The very nature of social media has increasingly allowed all of us to become the type of person we aspire to be rather than the person we actually are. I can’t tell you the number of times I have seen a friend posting something on Facebook or the like and I know that what they are saying is utter rubbish as they have been pouring their heart out to me minutes earlier (or saying something completely different).

In a world where the quality of your selfie filter defines you, Prince created his own self-managed filter in every aspect of his life. And whilst some people may consider him to have been a few blackcurrants short of a Ribena carton, his lyrical wisdom and melodic lightning bolts will stay in my heart and soul until I reach my own version of Purple Rain.

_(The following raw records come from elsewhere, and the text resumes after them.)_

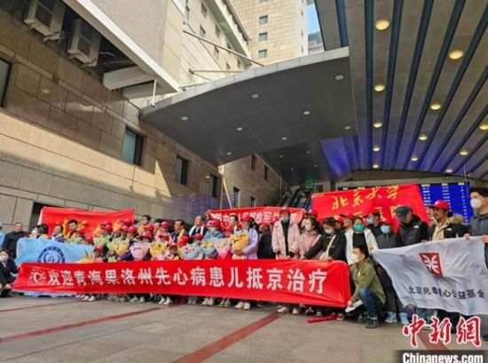 3月19日,來自青海省果洛藏族自治州的17名先天性心臟病患兒在家屬等人陪同下,乘坐火車抵達(dá)北京西站,將在北京的四家醫(yī)院接受免費(fèi)手術(shù)治療。圖為接站現(xiàn)場。中新社發(fā) “同心·共鑄中國心”組委會(huì)供圖
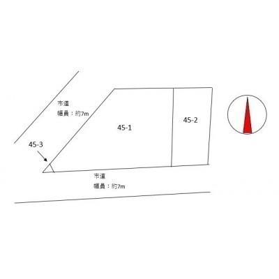 備考 ※現状渡し(売主契約不適合責任免責) 45番3 地目:宅地 現況:公衆用道路(約2.86㎡) 45番1 の南西部に電柱及び支柱(北電)、反射鏡。(詳細はお問い合わせください) 学区色がついているアイコンをクリックすると、本物件までの道順を見ることができます。
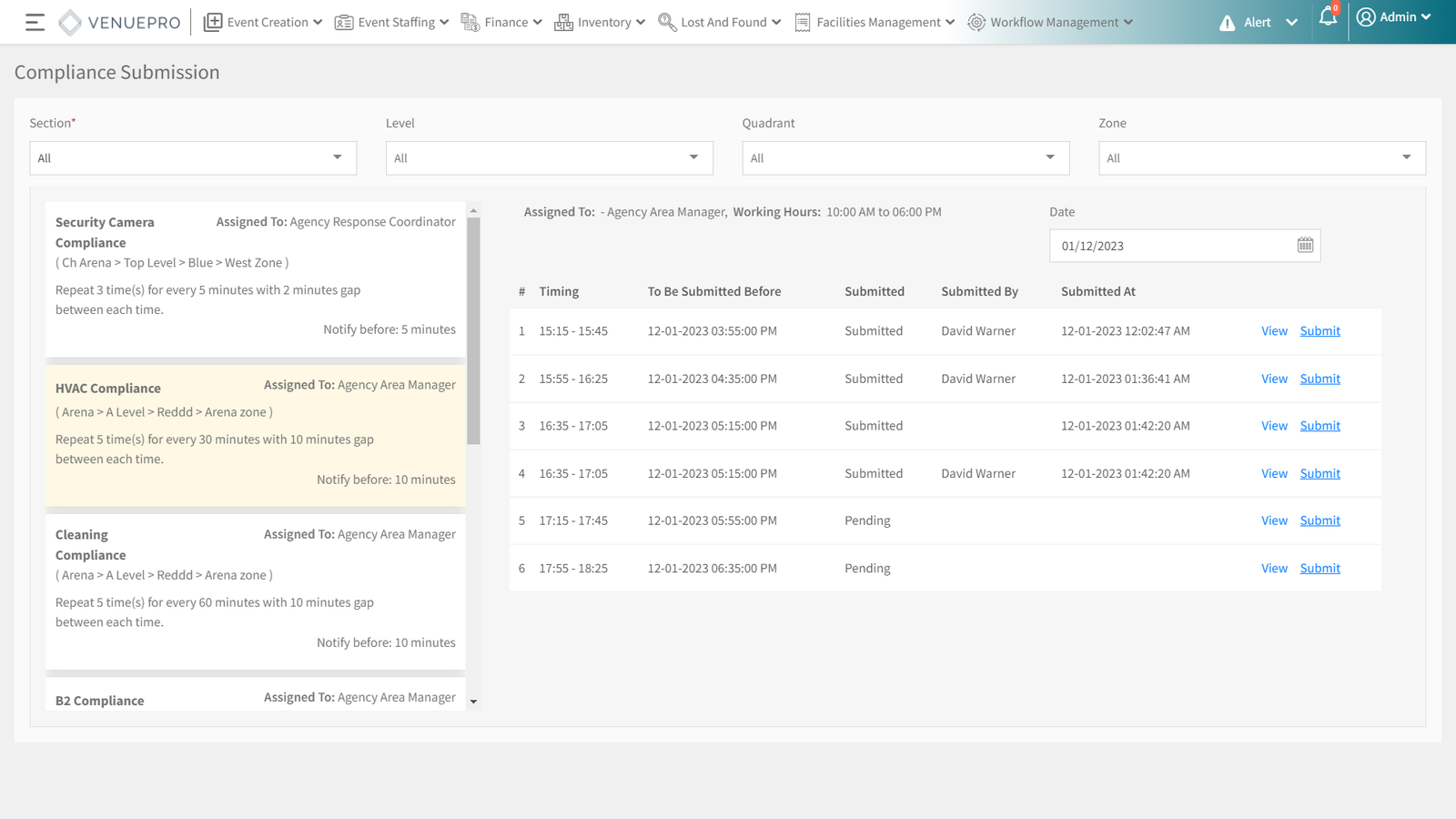One application to take control and ensure specific process actions are undertaken before the doors open on event day to deliver governance, risk assessments, exceptional service and be alerted for non-compliance.
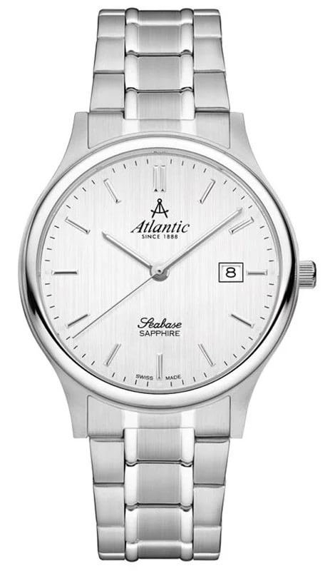 Powyższy model należący do popularnej rodziny Atlantic Seabase łączy funkcje odmierzania czasu, daty i wysokiej jakości materiały. Do tych ostatnich należy hipoalergiczna stal szlachetna klasy 316L, z której stworzona została elegancka wypolerowana koperta o wymiarach 40 mm x 8.00 mm oraz wielorzędowa bransoleta o dwóch rodzajach wykończeń. Drugim materiałem najwyższej jakości jest praktycznie odporne na zarysowania szkło szafirowe.

Prince reminds me what it is to be a woman, in the most visceral sense. I don’t think I know one person who hasn’t had sex to a Prince song, at one time or another. For me, that song and that experience was ’Anna Stesia’. It takes me right back to when I was too young to care yet old enough to know better.

For me, Prince’s death has reminded me to trust in myself; to retain my integrity and take Madonna’s ‘True Blue’ to another level. I have transcended to ‘True Purple’, the colour of the crown chakra and an infinite connection with Heaven. I only hope and pray Prince is wearing a purple crown up there – the royal purple crown of Kings and Queens.